First, a couple of disclaimers:

1) I would not word my opposition as strongly as Anyabwile’s. And my opposition is not really to the multi-site concept but to the use of video preaching (and video music) as the features of a worship service. There are quite a few churches that appear to do multi-site well, by which I mean, they feature live preaching, have dedicated elders shepherding a community rather than organizers attracting a crowd, and they function for the most part like church plants. I think some multi-site approaches are viable means of a church’s gospel mission. In any event, my aversion to the video venue multi-site movement is not morally framed. What I mean is, I am not saying video venue multi-site is sinful (or even unbiblical). I am not speaking to its wrongness per se, but rather hope to suggest it is not wise. Sort of a “not everything that is permissible is profitable” kind of thing.
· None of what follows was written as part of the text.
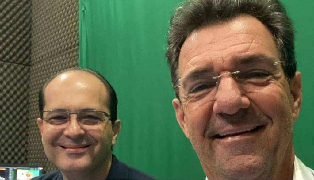 Audiodescrição: no card, duas fotos separadas, uma em cima outra embaixo, a de cima dois homens, cada um sentado em frente a um microfone, atras deles 12horas por alguem, desenho de um coração e duas mãos segurando o coração, uma em cima e outra embaixo, do lado um sino dourado com o numero 1 em destaque, abaixo, na outra foto, 4 pessoas identificadas, fazem um selfie, no meio deles uma mesa, com uma biblia m cima, garrafa de água, telefone e uma bolsa de mulher.
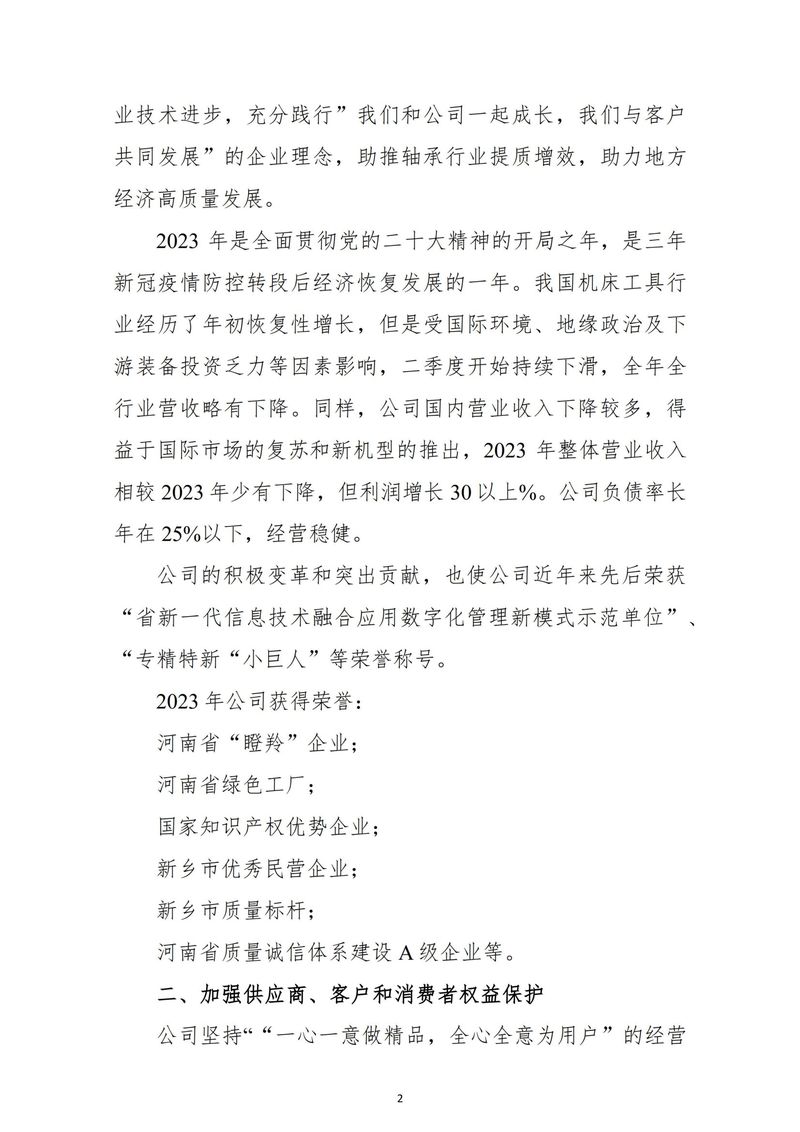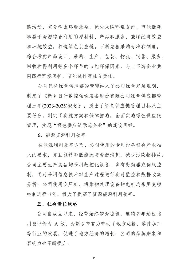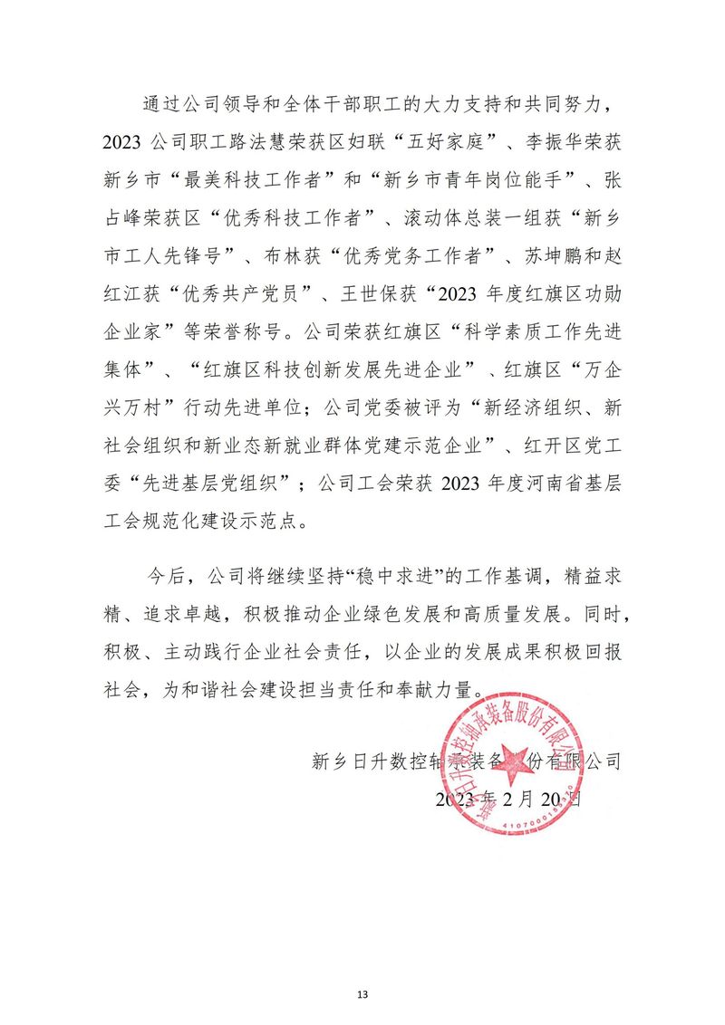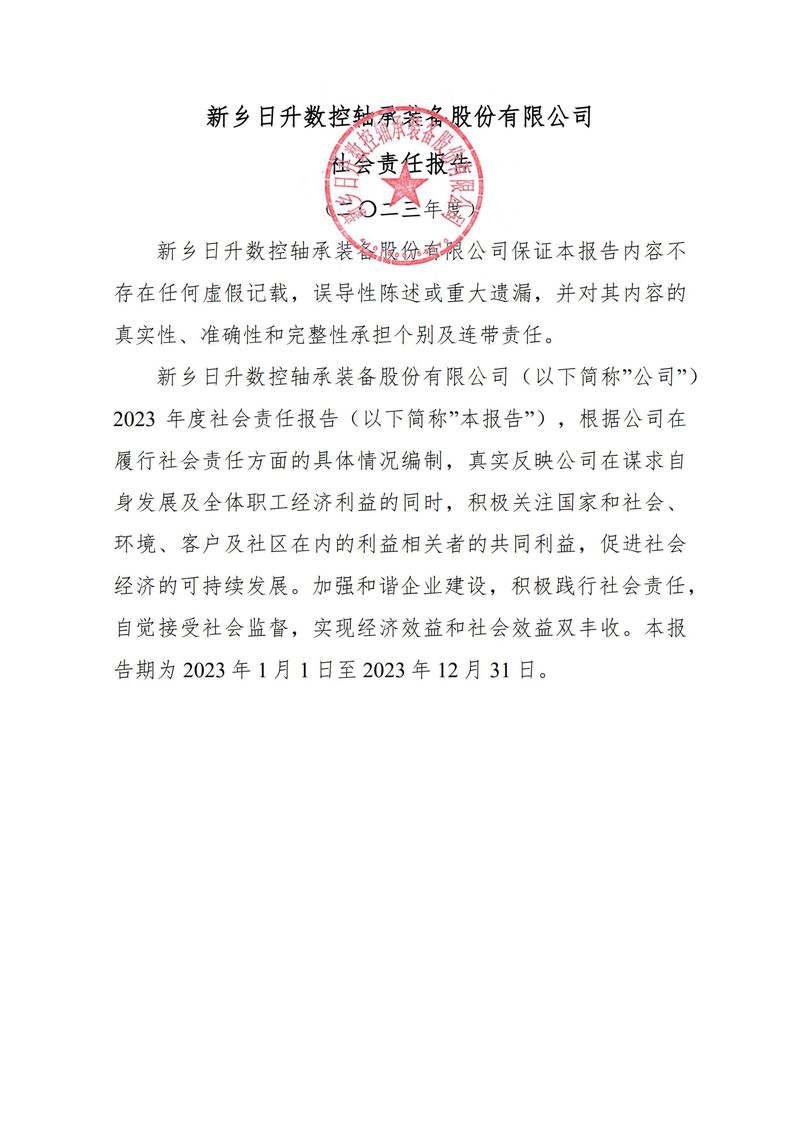 新鄉日升數控軸承裝備股份有限公司社會責任報告-2023

2) Secondly, some of my best friends are multi-site pastors. And they are all fantastic, humble, godly men who love Jesus, love the Church, and love seeing lost people get saved. I am not against them.

So: why I’m averse to video venue multi-site whatchamacalits:

1) I do not think it is wise, in our consumer culture, to go down the path of continued un-incarnation.

This applies to the “virtual church” phenomenon in general, as well. In a day when the idolatry of the self and the mass production of “beauty” and the disconnection of individuals from each other are daily, constant, pernicious struggles, I don’t think the church can afford to un-incarnate anything, much less its preaching. Video is by definition un-incarnational.

2) Video venues are not counter-cultural.

You can go a lot of ways with this thinking, sometimes overboard, but the kingdom of God is supposed to run counter to the way of the world. What I see in the worst examples of the video venue movement is just more accommodation of cultural values begun in the modern church’s idolization of “relevancy” twenty years or so ago. All churches should be seeker sensitive (in the best sense of the phrase), by which I mean seeker comprehensible and seeker welcoming, and all churches should be good students of the culture and good workers at contextualization, but there is a line between contextualizing and accommodating, and I think video venues often cross the line. At what point do we look at cultural trends not as things to mirror and ape but to challenge and subvert? Technology, as some insist, may be neutral, but that does not automatically mean that all technological tools are suitable for uncritical ecclesiological appropriation. I am afraid many churches have moved from “leveraging technology” to merely mirroring whatever they think the world finds appealing or slick.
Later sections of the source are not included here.